- [PROVIDED MATERIAL]:
--- --- ---

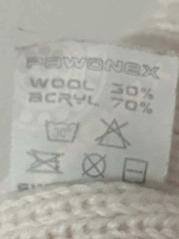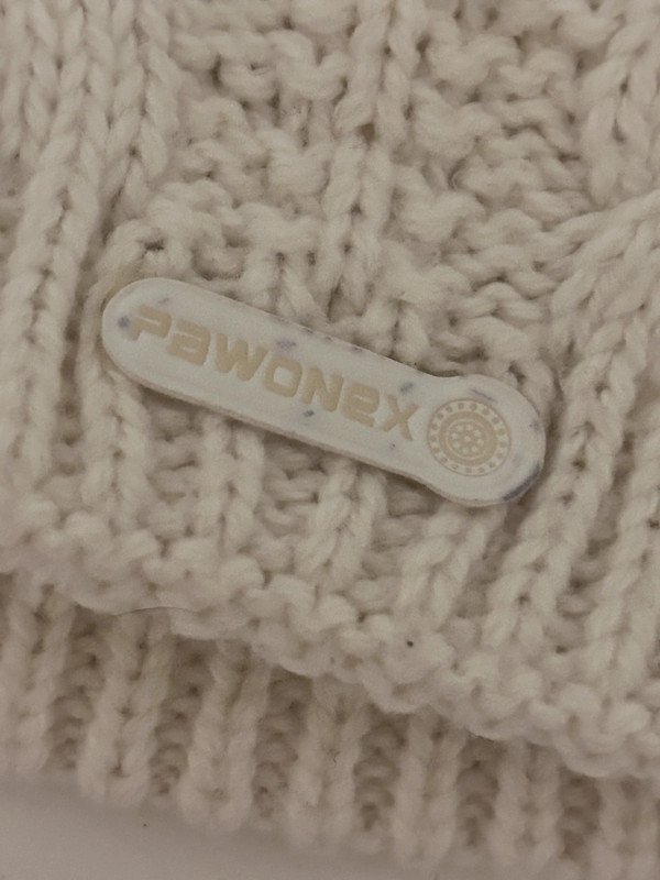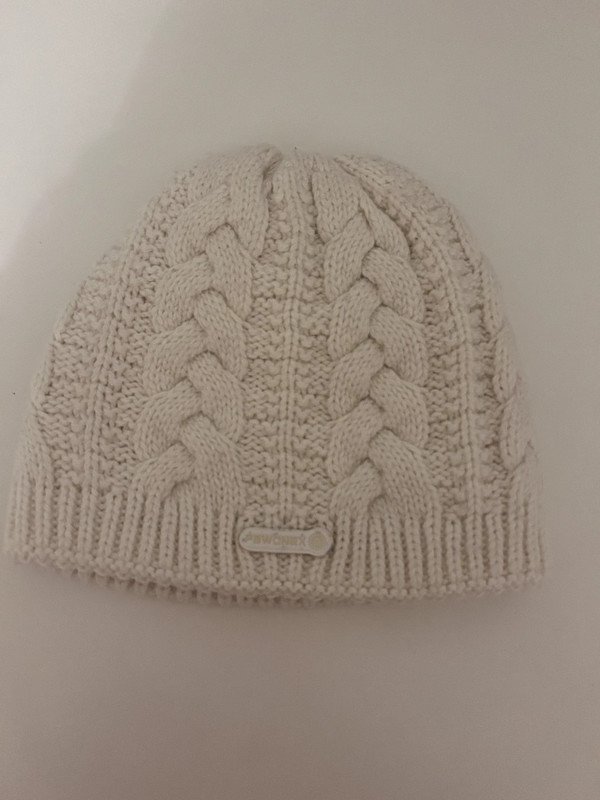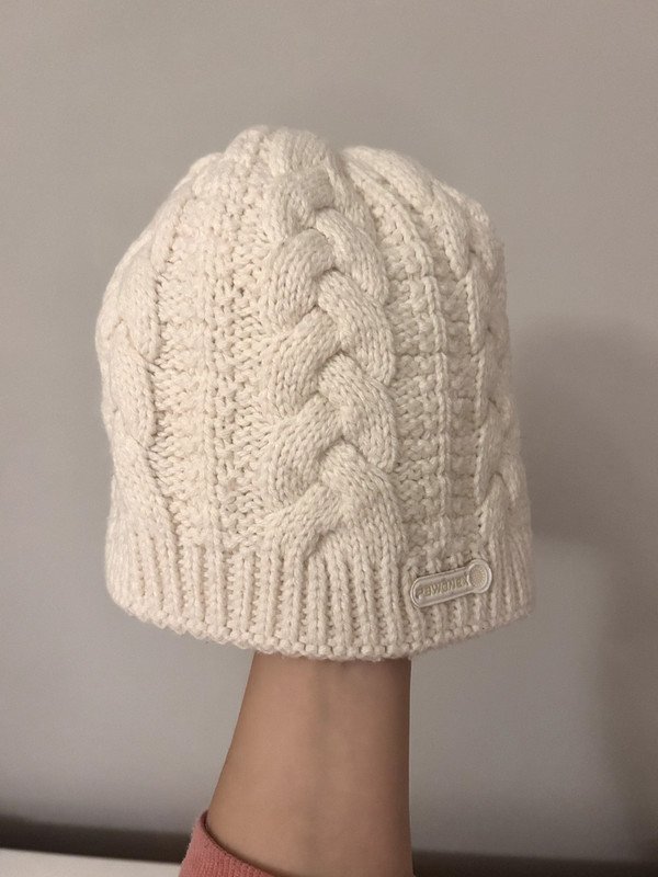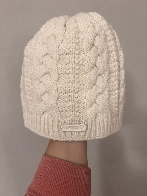 Kremowa czapka firmy Pawonex, 30 % wełna, idealna na zimę. Wzór z warkoczami.
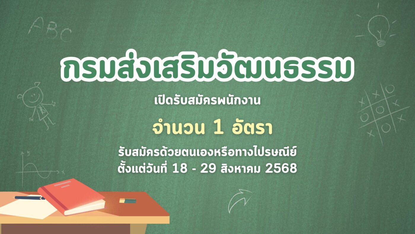 กรมส่งเสริมวัฒนธรรม เปิดรับสมัครพนักงาน 1 อัตรา รับสมัครด้วยตนเองหรือทางไปรษณีย์ ตั้งแต่วันที่ 18 – 29 สิงหาคม 2568
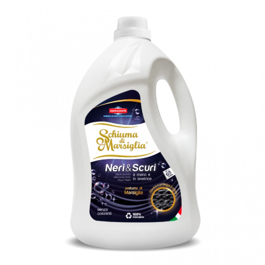 Detersivo liquido igienizzante studiato per capi neri e scuri, per bucato a mano e in lavatrice.

--- --- ---

- [WHAT YOU SHOULD DO]: Could you give the listing again exactly as it stands, minus any pictures?

- [EXPECTED ANSWER]:
 Kremowa czapka firmy Pawonex, 30 % wełna, idealna na zimę. Wzór z warkoczami.
 กรมส่งเสริมวัฒนธรรม เปิดรับสมัครพนักงาน 1 อัตรา รับสมัครด้วยตนเองหรือทางไปรษณีย์ ตั้งแต่วันที่ 18 – 29 สิงหาคม 2568
 Detersivo liquido igienizzante studiato per capi neri e scuri, per bucato a mano e in lavatrice.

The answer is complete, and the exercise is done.